Sundance 2021: “The Blazing World”

© Courtesy of Sundance Institute

Rating: 3 out of 5.

Sundance 2021 is filled with fantastic feature films by first-time directors. Be it Rebecca Hall’s subtle “Passing”, Robin Wright’s “Land” or Fran Kranz’s thought-provoking “Mass”, all of them are shining lights in the darkness. Now, it’s Carlson Young’s turn to get the well deserved praise for her work in “The Blazing World”.

Margaret (Carlson Young) was six years old when she, in a tragic accident, loses her twin sister. Haunted by the past loss, and unable to move on, the young woman returns home. However, she then meets a mysterious man (Udo Kir), who assures her if she joins him in his realm she might be able to save her sister, who is in between death and life.

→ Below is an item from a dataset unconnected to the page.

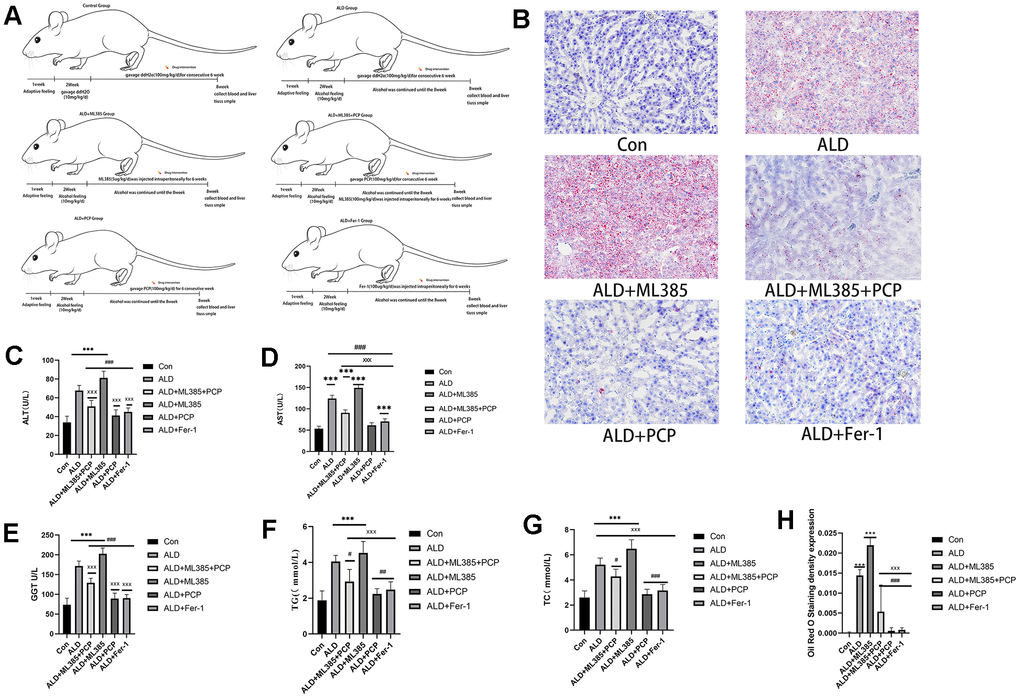 A total of 48 specific pathogen-free (SPF)–grade male Sprague Dawley rats, 8-weeks-old, with a body weight of 220±20 g, were provided by Hunan Experimental Changsha Tianqin Biotechnology Co., Ltd, bearing the experimental animal license number: SCXK (Xiang) 2019-0014. They were raised in separate cages in an SPF-grade experimental environment with a room temperature of 22±2°C and 12 hours of light (with alternating day and night), with free access to food and water. To establish an ALD rat model, all rats were randomly assigned to a control group, ALD group, ALD+ML385 group, ALD+ML385+PCP group, ALD+PCP group, or ALD+Fer-1 group. Rats in the blank group received distilled water of equal volume, while the other groups received high-alcohol white wine (10 mg/kg) [22] by gavage to establish the model. Rats modeled with high-alcohol white wine underwent drug intervention in the second week of gavage: ALD+ML385 (5 μg/kg/day, continuously for 6 weeks), ALD+ML385 (5 μg/kg/day, continuously for 6 weeks)+PCP group (100 mg/kg/day, continuously for 6 weeks), ALD+PCP group (100 mg/kg/day, continuously for 6 weeks), and ALD+Fer-1 group (100 μg/kg/day, continuously for 6 weeks). Rats in the control group and the ALD group received distilled water of equal volume by gavage.

Margaret and Elizabeth were playing by the tree when her abusive father (Dermot Mulroney), once again, was ruthless towards his wife. This is when the little girl, Margaret, after hearing a loud noise coming out from the house, gets closer to hear better. Her sister,  Elizabeth, went closer to the pool when she, after falling in, drowned shortly after. Consumed by emotional loss, a chain of events of early trauma brings out a strange outcome when Margaret must face three demons, to release her beloved sister.

“The Blazing World” is based on Carlson Young’s short film bearing the same title, which she turns into a full feature film. Surprisingly, with her confident direction, she delivers the fear and loneliness of her character not just through the actors but as a director too. She recreates a fantasy realm that puts Margaret into a difficult position, which if she accepts the terms she may never come back into real life.

That said, “The Blazing World” is a very engaging film that, once again, explores the theme of loss of a child and a sister who leaves a big scar on her family. It’s a heartbreaking story of a family that was torn apart and must find a way to get back to each other. Until then, they must survive in the unforgiving and hungry blazing world that feeds itself with pain, grief and sorrow, and only Margaret can put a full stop to it.